■ About this task: Find every line in the records below that holds the word "Desa", and copy each one.

■ Records for the task:
# # # #
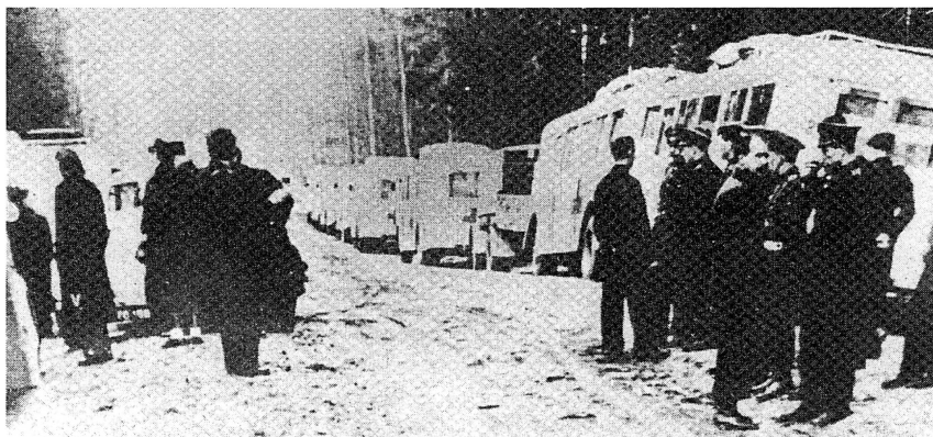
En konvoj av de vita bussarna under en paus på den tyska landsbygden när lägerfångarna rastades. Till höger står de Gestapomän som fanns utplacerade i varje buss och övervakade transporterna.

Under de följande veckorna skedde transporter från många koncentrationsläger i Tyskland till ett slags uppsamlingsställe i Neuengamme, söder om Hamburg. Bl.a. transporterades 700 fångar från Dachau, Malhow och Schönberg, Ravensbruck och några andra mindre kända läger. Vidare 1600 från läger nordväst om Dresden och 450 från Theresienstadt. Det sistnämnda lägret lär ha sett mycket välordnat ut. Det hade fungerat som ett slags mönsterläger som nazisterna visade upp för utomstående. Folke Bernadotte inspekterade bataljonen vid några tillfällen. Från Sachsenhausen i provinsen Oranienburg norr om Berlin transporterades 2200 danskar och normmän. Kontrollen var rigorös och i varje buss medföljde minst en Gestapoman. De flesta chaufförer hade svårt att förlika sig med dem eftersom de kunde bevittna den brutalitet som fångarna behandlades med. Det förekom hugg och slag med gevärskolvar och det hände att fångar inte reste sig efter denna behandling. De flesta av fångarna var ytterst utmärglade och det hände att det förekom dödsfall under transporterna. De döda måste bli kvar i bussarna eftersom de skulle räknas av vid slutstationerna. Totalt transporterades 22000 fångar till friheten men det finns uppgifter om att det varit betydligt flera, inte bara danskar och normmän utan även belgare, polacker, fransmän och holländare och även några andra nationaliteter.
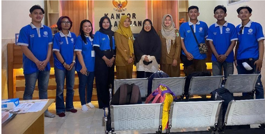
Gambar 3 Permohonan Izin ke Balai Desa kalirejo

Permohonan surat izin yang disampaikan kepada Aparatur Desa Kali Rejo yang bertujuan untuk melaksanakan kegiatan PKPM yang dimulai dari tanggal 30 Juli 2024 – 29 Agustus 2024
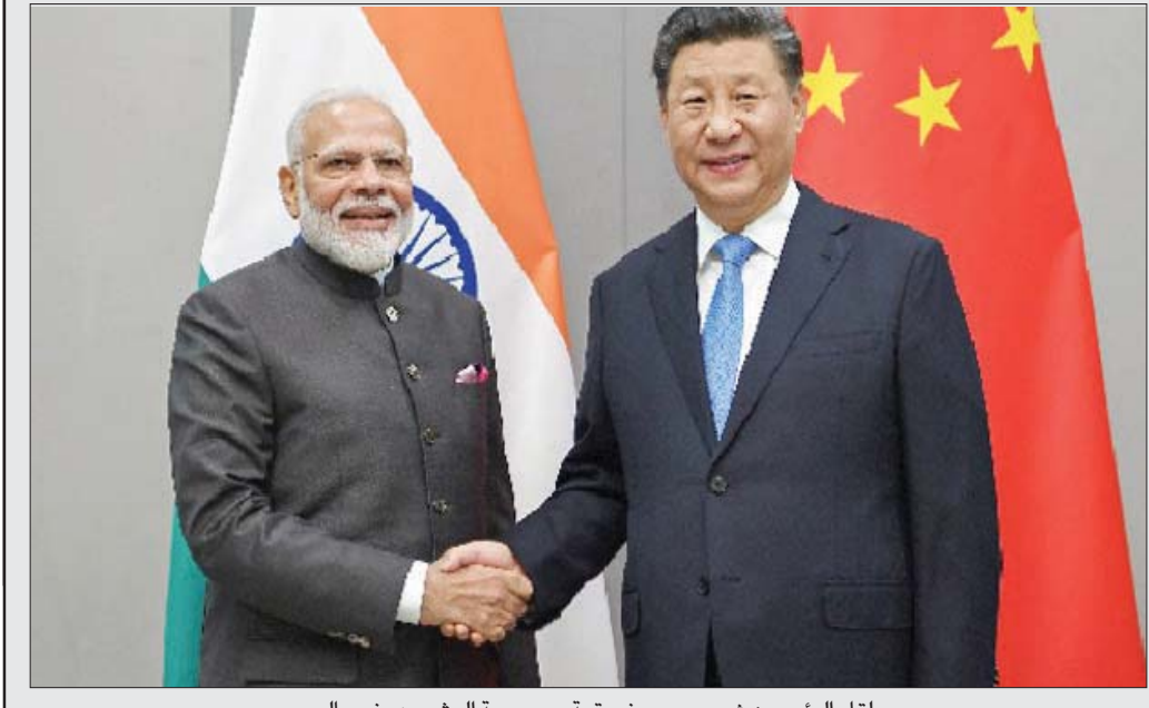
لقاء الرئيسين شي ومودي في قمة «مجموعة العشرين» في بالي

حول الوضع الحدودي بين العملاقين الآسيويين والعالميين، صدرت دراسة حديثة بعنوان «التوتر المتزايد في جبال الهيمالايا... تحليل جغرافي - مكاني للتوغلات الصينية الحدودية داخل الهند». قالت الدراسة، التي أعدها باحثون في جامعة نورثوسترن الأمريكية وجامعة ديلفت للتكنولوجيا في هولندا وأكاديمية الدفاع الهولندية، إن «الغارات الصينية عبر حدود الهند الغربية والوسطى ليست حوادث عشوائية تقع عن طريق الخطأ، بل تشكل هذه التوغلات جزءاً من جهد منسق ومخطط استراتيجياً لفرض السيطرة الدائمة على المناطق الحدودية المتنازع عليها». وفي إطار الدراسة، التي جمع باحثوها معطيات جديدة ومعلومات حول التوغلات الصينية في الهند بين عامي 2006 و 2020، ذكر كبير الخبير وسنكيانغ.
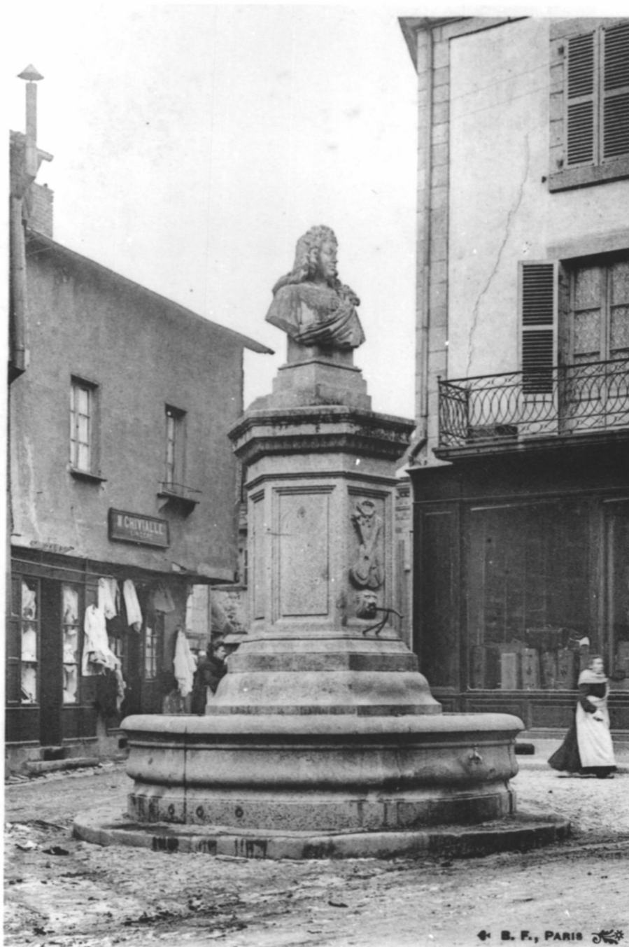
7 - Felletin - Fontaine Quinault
# # # #
■ Response to the exercise:
Gambar 3 Permohonan Izin ke Balai Desa kalirejo
Permohonan surat izin yang disampaikan kepada Aparatur Desa Kali Rejo yang bertujuan untuk melaksanakan kegiatan PKPM yang dimulai dari tanggal 30 Juli 2024 – 29 Agustus 2024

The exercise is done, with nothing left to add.